#### EXTRACTED MATERIAL
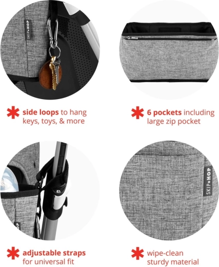 Praktyczny organizer do wózka Skip Hop Grab & Go Ultra w stylowym wykończeniu szary melange oferuje sześć kieszeni, dużą kieszeń na zamek oraz boczne pętelki na klucze lub zabawki. Dzięki regulowanym paskom łatwo przymocujesz go do większości wózków, a solidny, łatwy do czyszczenia materiał utrzyma wszystko bezpiecznie i pod ręką.
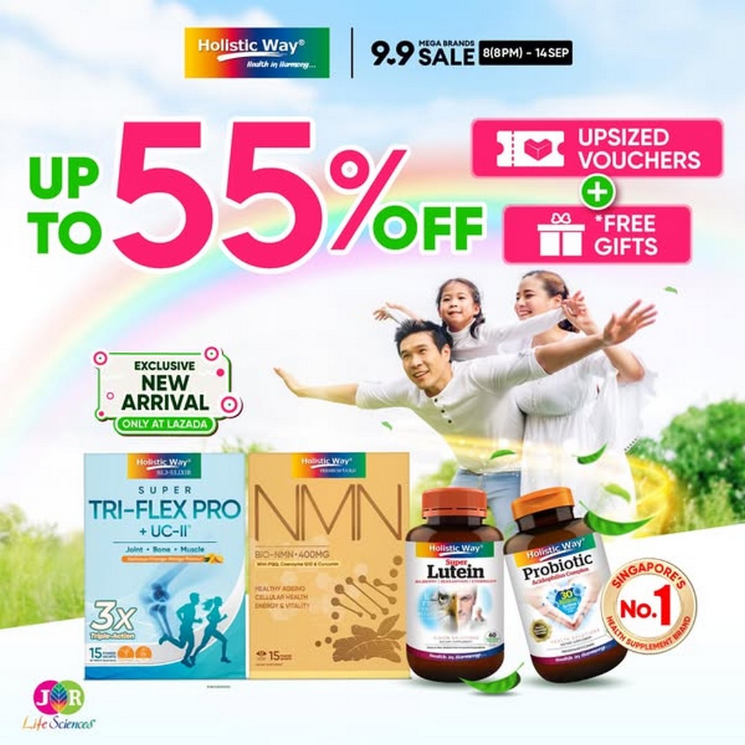 Holistic Way has earned a reputation in Singapore for its high-quality health supplements, vitamins, and beauty enhancers. Their products cover everything from boosting immunity, supporting joint health, and enhancing vitality, to ensuring skin glows from within. During the 9.9 Mega Brands Sale, customers can enjoy up to 55% off on a wide selection of products. That alone makes it a deal worth exploring, but there’s so much more to get excited about.
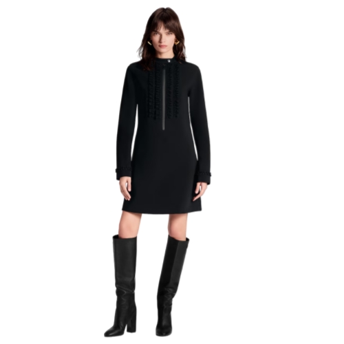 This dress has a clean, contemporary look in the House’s signature technical jersey. It is cut in an elegant silhouette with long sleeves and a lightly tapered waist. The snap-button collar and coated zipper fastening at the neckline introduce a sporty vibe, which is offset by romantic ruffled trims on the chest and cuffs.
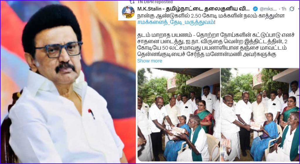 நான்கு ஆண்டுகளில் 2.50 கோடி மக்களின் நலம் காத்துள்ள #மக்களைத்_தேடி_மருத்துவம்! தடம் மாறாத பயணம் – தொற்றா நோய்களின் கட்டுப்பாடு எனச் சாதனை படைத்து, ஐ.நா. விருதை வென்ற இத்திட்டத்தின், 2 கோடியே 50 லட்சமாவது பயனாளியான தஞ்சை மாவட்டம் தென்னங்குடியைச் சேர்ந்த மனோன்மணி அவர்களுக்கு மருந்துப் பெட்டகத்தை வழங்கியுள்ள மாண்புமிகு
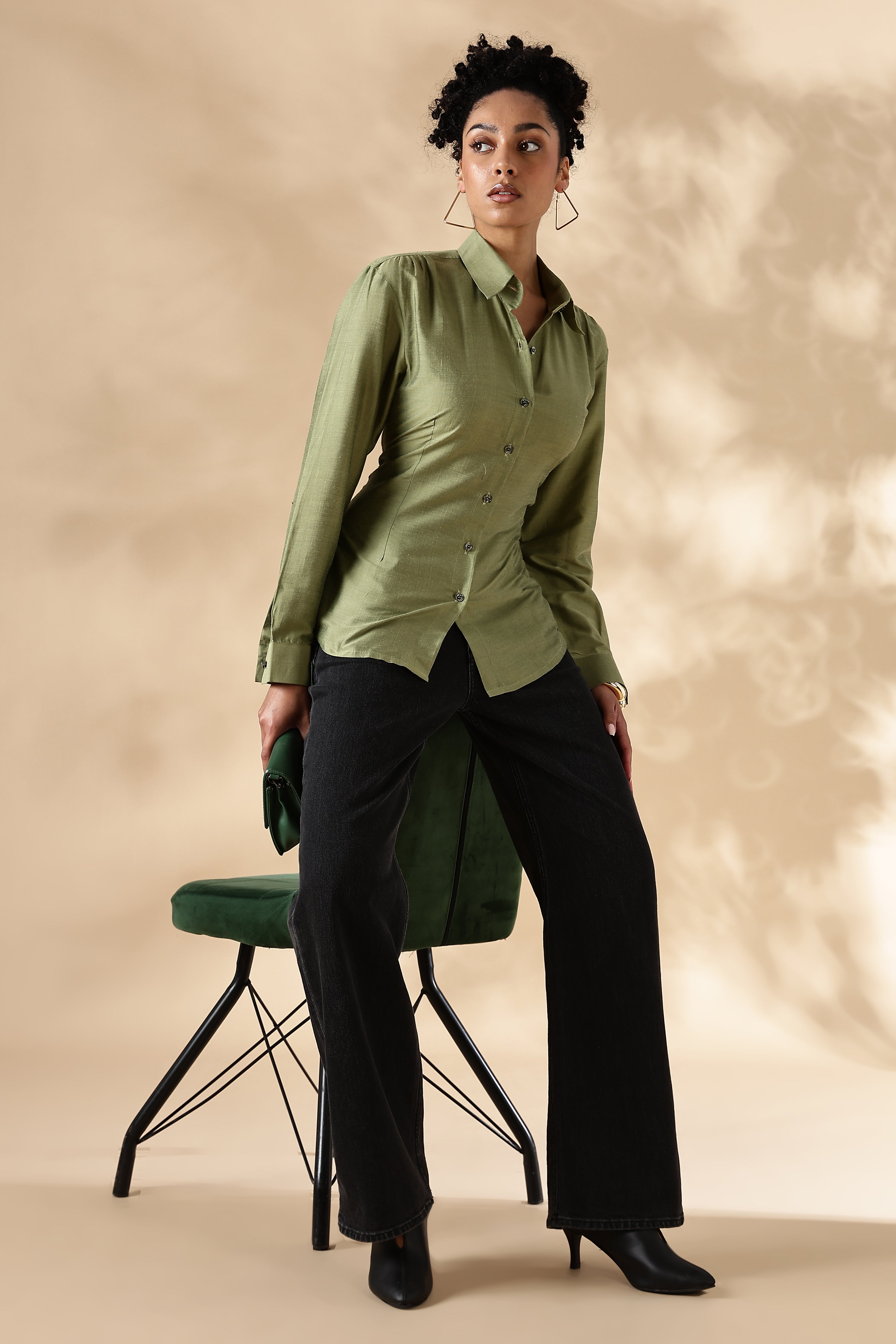 Fitted Cotton Silk Green Shirt

#### ASSIGNMENT
Each line above should be output exactly, apart from the pictures.

#### EXERCISE ANSWER
 Praktyczny organizer do wózka Skip Hop Grab & Go Ultra w stylowym wykończeniu szary melange oferuje sześć kieszeni, dużą kieszeń na zamek oraz boczne pętelki na klucze lub zabawki. Dzięki regulowanym paskom łatwo przymocujesz go do większości wózków, a solidny, łatwy do czyszczenia materiał utrzyma wszystko bezpiecznie i pod ręką.
 Holistic Way has earned a reputation in Singapore for its high-quality health supplements, vitamins, and beauty enhancers. Their products cover everything from boosting immunity, supporting joint health, and enhancing vitality, to ensuring skin glows from within. During the 9.9 Mega Brands Sale, customers can enjoy up to 55% off on a wide selection of products. That alone makes it a deal worth exploring, but there’s so much more to get excited about.
 This dress has a clean, contemporary look in the House’s signature technical jersey. It is cut in an elegant silhouette with long sleeves and a lightly tapered waist. The snap-button collar and coated zipper fastening at the neckline introduce a sporty vibe, which is offset by romantic ruffled trims on the chest and cuffs.
 நான்கு ஆண்டுகளில் 2.50 கோடி மக்களின் நலம் காத்துள்ள #மக்களைத்_தேடி_மருத்துவம்! தடம் மாறாத பயணம் – தொற்றா நோய்களின் கட்டுப்பாடு எனச் சாதனை படைத்து, ஐ.நா. விருதை வென்ற இத்திட்டத்தின், 2 கோடியே 50 லட்சமாவது பயனாளியான தஞ்சை மாவட்டம் தென்னங்குடியைச் சேர்ந்த மனோன்மணி அவர்களுக்கு மருந்துப் பெட்டகத்தை வழங்கியுள்ள மாண்புமிகு
 Fitted Cotton Silk Green Shirt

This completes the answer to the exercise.